Section 3 describes the high-level objectives we chose to design our validator(s). This is followed by a description of the main components and their role in the infrastructure. Focus then shifts to architecture diagrams and detailed descriptions of the components. Finally, we will cover the security features of our IT estate. The penultimate section will concern itself with future improvements followed by a conclusion of the key ideas.
This document is a description of the current state. The design will keep improving, which will necessitate updates to this document.
The 2019 Chorus Validator Architecture
3: Guiding Principles and Objectives
5: Architecture Diagrams and Detailed Component Descriptions
6: Security Layers of Chorus Validator(s)
6.3: No Public-facing SSH Ports
6.8: Host-based Intrusion Detection Systems (HIDS)
6.9: Least-privilege security model
6.10: Limited-lifetime Lease-based Credentials
6.12: Hardware Security Modules (HSMs)
7: Gaps and Future Improvements
7.1: Leveraging Trusted Execution Environments as an Additional Line of Defense
At the inception of Chorus in early 2018, we chose a set of guiding principles that determined the points on which our technical energy would be focused. In the following, we cover all of the key principles with an explanation of why they were chosen:
We believe there is an enormous risk when critical operations are combined with financial pressure. At Chorus, we’ve instituted a design that minimizes our team members’ need to conduct critical troubleshooting operations under financial duress. Our troubleshooting operations are usually done without any financial value on the line.
Later in the article, we shall demonstrate how these principles have shaped and strengthened our infrastructure. The key takeaway is that Chorus had a unique problem statement to build high reliability geographically dispersed infrastructure for a distributed team.
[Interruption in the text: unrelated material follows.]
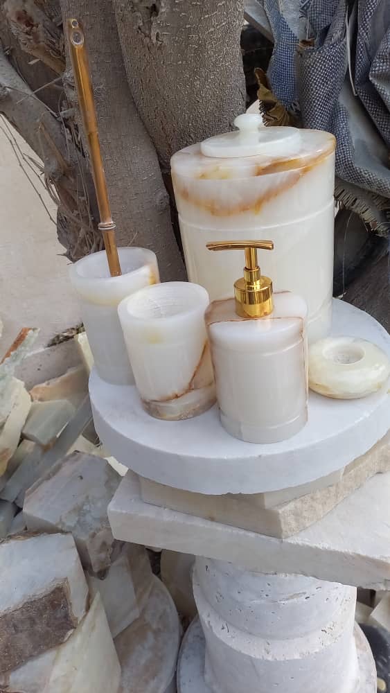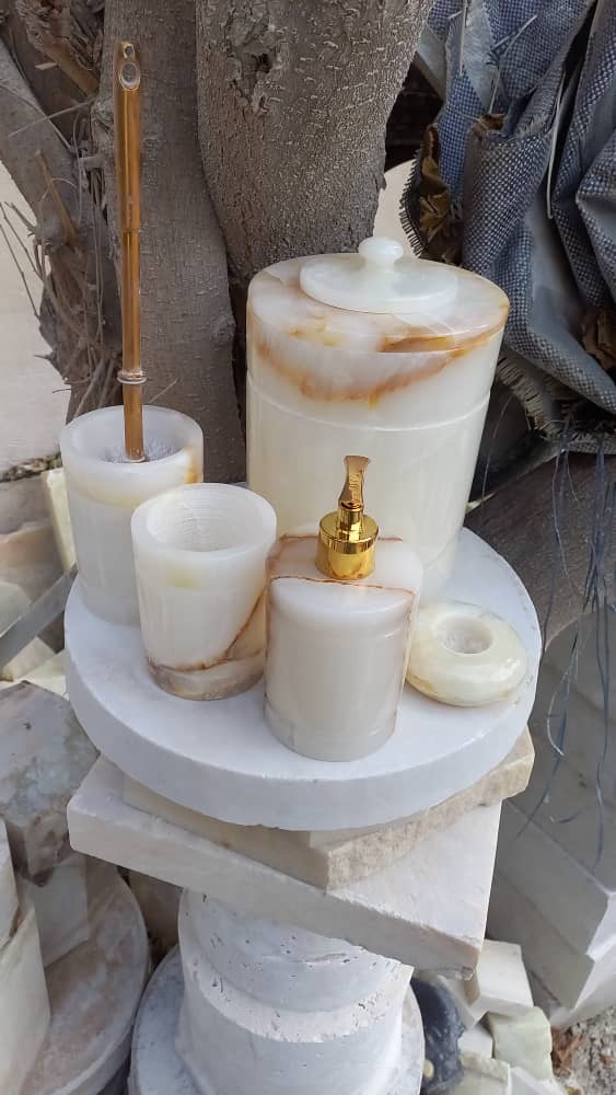 ایتمهایی مانند:جاصابونی،بانکه جهت نگهداری دارو و پنبه و ...و سینی سنگی گرد یا مستطیل یا بیضی و جا شمعی قابل اضافه می باشد.

There are seven major components to our validation architecture. These components are: validation servers, key infrastructure, signing coordinator, sentry layer, central services, logging & monitoring and analytics. Figure 1 shows the 7 components diagrammatically, and in numerical order by which they will be described. We give an overview of each component, the infrastructure & tools used to deploy that component and major design decisions taken pertaining to that component. Section 5 will detail how the components and their subcomponents connected with each other. Access control mechanisms placed at the various connections are detailed in Section 6.
Figure 1. The main components and the order in which they will be covered
Validation servers are the machines which decide which block gets signed, and broadcast to the network. These machines run the core clients of all the networks we validate on, the Tendermint KMS, maintain memory pools of transactions for these networks, propose blocks and verify the veracity of accounting transactions. Security and high uptime of these machines is critical to the validator operation.
It is recommended for validation servers to not hold the validation keys of the validator, as compromise of the servers could lead to theft of key material. We use Hardware Security Modules (HSMs), specialised devices that prevent key theft, to store key material.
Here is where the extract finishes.